The announcement on March 16 followed a formal interim assessment that met pre-specified criteria for positive efficacy, according to a news release from the Medical Research Council (MRC) Population Health Research Unit at the University of Oxford, Boehringer Ingelheim and Eli Lilly and Company.
"People with kidney disease are at risk for both worsening kidney function and heart problems, making the availability of more treatment options and relevant education critical," said Mohamed Eid, MD, MPH, vice president, Clinical Development & Medical Affairs, Cardio-Metabolism & Respiratory Medicine, Boehringer Ingelheim Pharmaceuticals, Inc. "Building on our Fast Track Designation in the US, we are very much encouraged that EMPA-KIDNEY has already demonstrated efficacy for Jardiance at this early stage, as we work to advance treatment for adults living with cardio-renal-metabolic conditions."
The phase 3 trial is the largest in CKD to date, evaluating the efficacy and safety of empagliflozin in adults with CKD who have been underrepresented in previous SGLT2 inhibitor trials. The statement noted that kidney disease is a global public health issue, affecting nearly 37 million people in the US, with links to other metabolic and cardiovascular diseases.

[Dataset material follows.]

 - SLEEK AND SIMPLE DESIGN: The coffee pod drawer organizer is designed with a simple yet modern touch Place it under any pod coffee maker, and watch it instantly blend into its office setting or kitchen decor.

More than 6,000 adults with CKD were randomized in the trial conducted by the MRC Population Health Research Unit at the University of Oxford. This population included patients with mildly to severely reduced eGFR, normal and increased levels of albumin, with and without diabetes, and with CKD attributed to a range of underlying causes.

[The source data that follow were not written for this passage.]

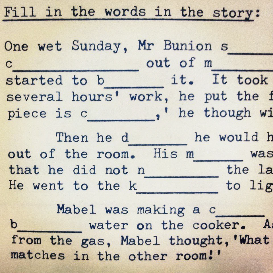 Displacements. A story is beginning within: Loss, suffering, endurance. Belonging. The idea floats for a moment then breaks off; slender, a tremor, now gone. The stories bubble up, some dissolve, and others stay. For instance, I was at a bar one night, seeing a few local bands. One of my friends was part of the line-up, and I had a brief chat with him before he was on. Shouting to make himself heard over the music, he told me about one of the Library Finds that had stuck most in his mind. It was one of my earlier finds, a page from a school primer where the students had to fill in the words in the story. My friend confessed upon seeing this image that he filled in every missing word with the foulest and most offensive words he could possibly draw up from the dark depths of his soul.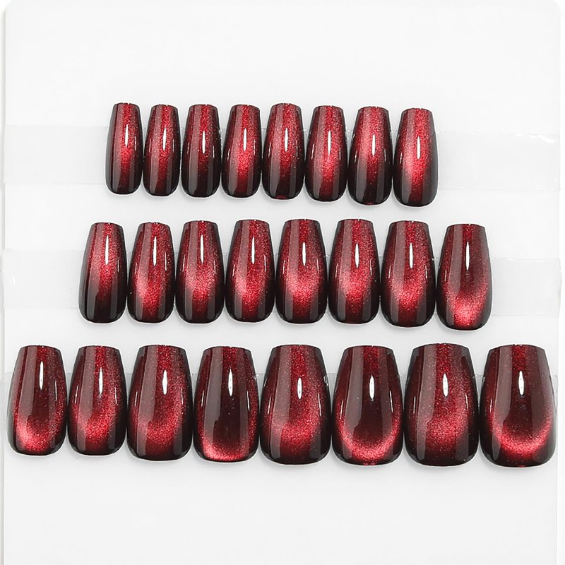 - 【Package Contains】You will get 24pcs dark red cat eye fake nails,1pcs nail file,24pcs jelly glue sticker,1pcs alcohol pad,1pcs wooden stick for removing false nails.Jelly glue is not as durable as liquid glue, but it makes fake nails reusable. Please use suitable glue according to different scenes.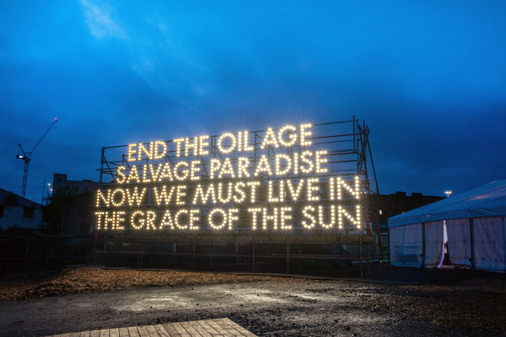Robert Montgomery. Grace of the Sun. 2021. Little Sun solar-powered lights. Installation view at COP26. Image courtesy of Octopus Energy and MTArt Agency. Photography by Philip Volkers

The trial's primary endpoints were a composite of kidney disease progression or cardiovascular death, with key secondary outcomes including cardiovacular death or hospitalization for heart failure, all-cause hospitalization, and all-cause mortality.
"EMPA-KIDNEY included a range of adults with kidney disease who have been excluded from, or under-represented in, previous trials focusing on the use of SGLT2 inhibitors to slow kidney disease progression," said Jeff Emmick, MD, PhD, vice president, Product Development, Lilly. "The early stop of the trial is a tremendous step toward our goal of improving the lives of adults living with kidney disease."

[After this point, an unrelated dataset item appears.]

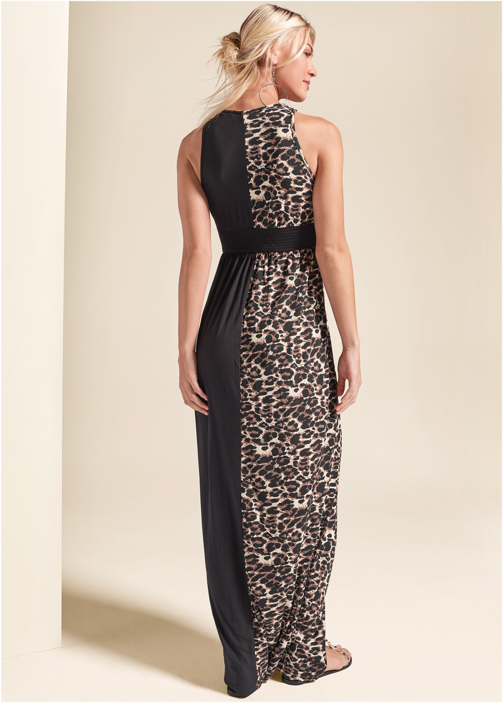 Leopard Detail Maxi Dress - Black Multi

The FDA granted Fast Track designation to the clinical investigation of empagliflozin to reduce the risk of kidney disease progression and cardiovascular death in adults with CKD in March 2020. Full results from the EMPA-KIDNEY trial are expected to be presented at an upcoming medical congress later this year.
"We are thrilled that the trial has shown that empagliflozin is beneficial among the patients studied in EMPA-KIDNEY," said professor Richard Haynes, co-principal investigator. "We are very grateful to all of the participants who have made this trial possible and look forward to sharing detailed trial results later this year."